Let's visualize one original-flipped pair to verify our augmentation worked correctly.

In [None]:
# Find a sample original-flipped pair (using the first asymmetric slab)
sample_original = df_original[df_original['sym_vac'] == False].iloc[0]
if 'jid' in sample_original and sample_original['jid']:
    sample_jid = sample_original['jid']
    sample_flipped = df_flipped[df_flipped['jid'] == f"{sample_jid}_flipped"].iloc[0]
else:
    # If no jid, use the index position
    sample_idx = df_original[df_original['sym_vac'] == False].index[0]
    sample_flipped = df_flipped.iloc[0]

# Print comparison
print("=== Original Slab ===")
print(f"WF_top: {sample_original['WF_top']:.4f}, WF_bottom: {sample_original['WF_bottom']:.4f}")

print("\n=== Flipped Slab ===")
print(f"WF_top: {sample_flipped['WF_top']:.4f}, WF_bottom: {sample_flipped['WF_bottom']:.4f}")

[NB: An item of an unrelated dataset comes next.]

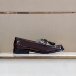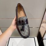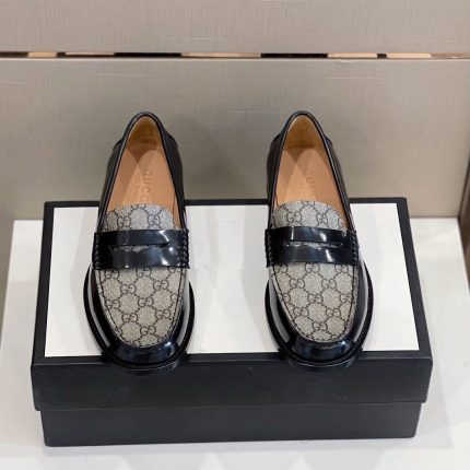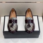 这双鞋是品牌标志性乐福鞋的演变,采用铜色材质混合制成和 GG Supreme 帆布。优雅的风格通过异想天开的流苏细节呈现出百搭的感觉。

# Verify that top and bottom are swapped
if abs(sample_original['WF_top'] - sample_flipped['WF_bottom']) < 1e-6 and \
   abs(sample_original['WF_bottom'] - sample_flipped['WF_top']) < 1e-6:
    print("\n✅ Verification successful: WF_top and WF_bottom were swapped correctly")
else:
    print("\n❌ Verification failed: WF_top and WF_bottom were not swapped correctly")

## Compatibility with FAENet DataLoader

The existing FAENet data loader is fully compatible with this augmented dataset. Here's how it works:

1. The `EnhancedSlabDataset` class loads the CSV file with all columns, including the newly added "flipped" column.
2. During training, only columns listed in `target_properties` (like "WF_top" and "WF_bottom") are used as model inputs/outputs.
3. Other columns like "flipped" are ignored during model training but remain in the dataset.
4. The "flipped" column serves as metadata indicating which entries are original vs. augmented.

To use this augmented dataset for training, simply point the data_path to the new CSV file:

```bash
python -m faenet.train --data_path=./processed_data/augmented_DFT_data.csv --structure_col=slab --target_properties=[WF_top,WF_bottom] --frame_averaging=3D
```

## Conclusion

The data augmentation is complete! We've:
1. Identified all asymmetric slabs (sym_vac=False)
2. Created flipped versions of these slabs
3. Swapped their top and bottom workfunctions
4. Marked them as "flipped" in a new column
5. Saved the augmented dataset

This augmentation should help improve training by providing more data and enhancing the model's ability to learn the relationship between structure and properties.